Keeping Offsite Employees in the Loop
Offsite employees are often at a disadvantage because they do not have the opportunities for interaction that onsite employees have every day. People forget to send them important information. Decisions are made without their input. The result is that they may feel isolated and ignored.
For an offsite relationship to work, managers need to pay special attention to establishing and maintaining ongoing communication. They need to beware of the “out of sight, out of mind” approach and make it a point to stay in touch, even if nothing particular is going on. They need to keep offsite employees “in the loop” and help them feel that they are important members of the staff community.
Tips for keeping offsite employees in the loop and creating a sense of belonging to the staff community:
- Make sure employees have easy access to relevant data. This includes team schedules, status reports, and company information (such as changes in policies, procedures, organization, and leadership).
- Select the most appropriate type of communication for the situation. Considering the subject matter and the purpose, decide whether it would be best to use email or chat, leave a voicemail, have a phone conversation, or set up a face-to-face meeting.
- Accommodate communication preferences when possible. Does the employee prefer writing or talking for regular communication?
- Ask specific, open-ended questions. Instead of asking, “How is everything?” ask, “What do you think you could do to….?”
- Hold regular meetings. Have one-on-one sessions with offsite employees and include them in team meetings as well.
- Create opportunities for face-to-face contact. Use video phone calls, video conferencing, and virtual meeting programs such as Zoom instead of relying only on voice and email communication.

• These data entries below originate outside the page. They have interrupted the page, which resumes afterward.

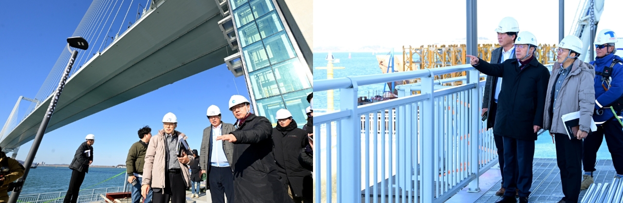 1일 유정복 인천시장이  제3연륙교 개통 앞두고 안전점검을 하고 있다. 사진=인천경제청이미지 확대보기
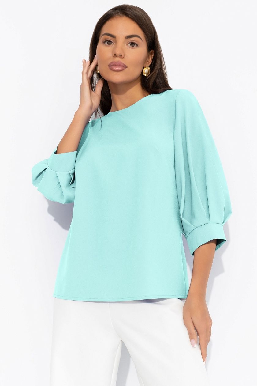 Блузка бирюзовая с рукавами три четверти от компании Charutti. Модель прямого силуэта, выполнена из плательного полотна "ниагара". Застегивается на деликатную пуговицу по спинке изделия. Блуза хорошо смотрится в заправленном виде и навыпуск. Прекрасное решение для создания стильного образа.
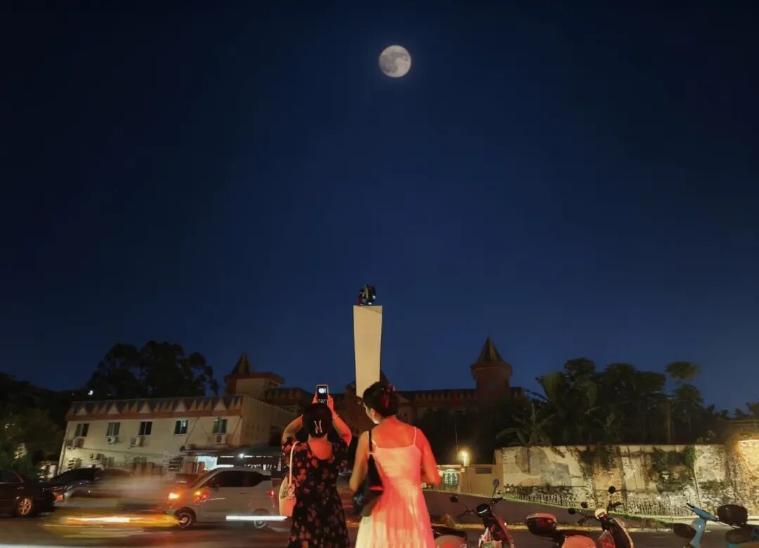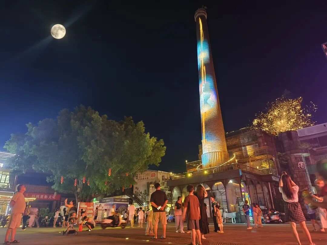 10月6日中秋之夜,增城市民纷纷走出家门,奔赴东门桥、1978电影小镇等地,共赴一场“月光与灯光”的浪漫之约。

- Use technology to provide casual contacts similar to those that onsite employees have every day. Tools such as discussion boards, internal blogs, and web pages let team members explore ideas, discuss projects, and establish personal connections by sharing information about their hobbies, interests, and experiences.
- Convene in person. If possible, have regular in-person meetings with the offsite employee and bring the entire team together at least once or twice a year.
Virtual Meetings
Meetings serve vital functions for any team. When all or some team members work offsite, particularly when they are in locations that make frequent in-person meetings impractical, virtual meetings can accomplish many of these functions.
Challenges of Virtual Meetings
Fortunately, technologies such as phone conferencing, video conferencing, and meeting software make it possible for people to interact by voice or even face-to-face from diverse locations. However, virtual meetings still present certain challenges that in-person meetings do not. For instance, virtual meetings:
- Don’t allow for spontaneity. Unlike many of the impromptu meetings that happen in the workplace, virtual meetings usually need careful planning and coordination.
- Require technology. The technology should be suited to the type of meeting (informational, brainstorming, problem-solving, decision-making), and people need to know how to use it.
- Need advance preparation. Virtual meetings should always have a schedule that is distributed to team members ahead of time.
- Present scheduling difficulties. Timing a virtual meeting can be tricky when team members work in different time zones or at different hours.
Best Practices
Follow these best practices for managing offsite employees to help them meet their goals and contribute productively to your team:
- Provide employees with the tools they need to do the job.
- Establish and maintain mutual trust.
- Prepare employees thoroughly to set them up for success.
- Work with employees to develop relevant, achievable goals.
- Clarify expectations.
- Communicate clearly and often, and make sure that other team members do the same.
- Find ways to help offsite employees feel that they are a vital part of the team and the organization.
- Provide ongoing support and feedback.
- Address problems early, before they escalate.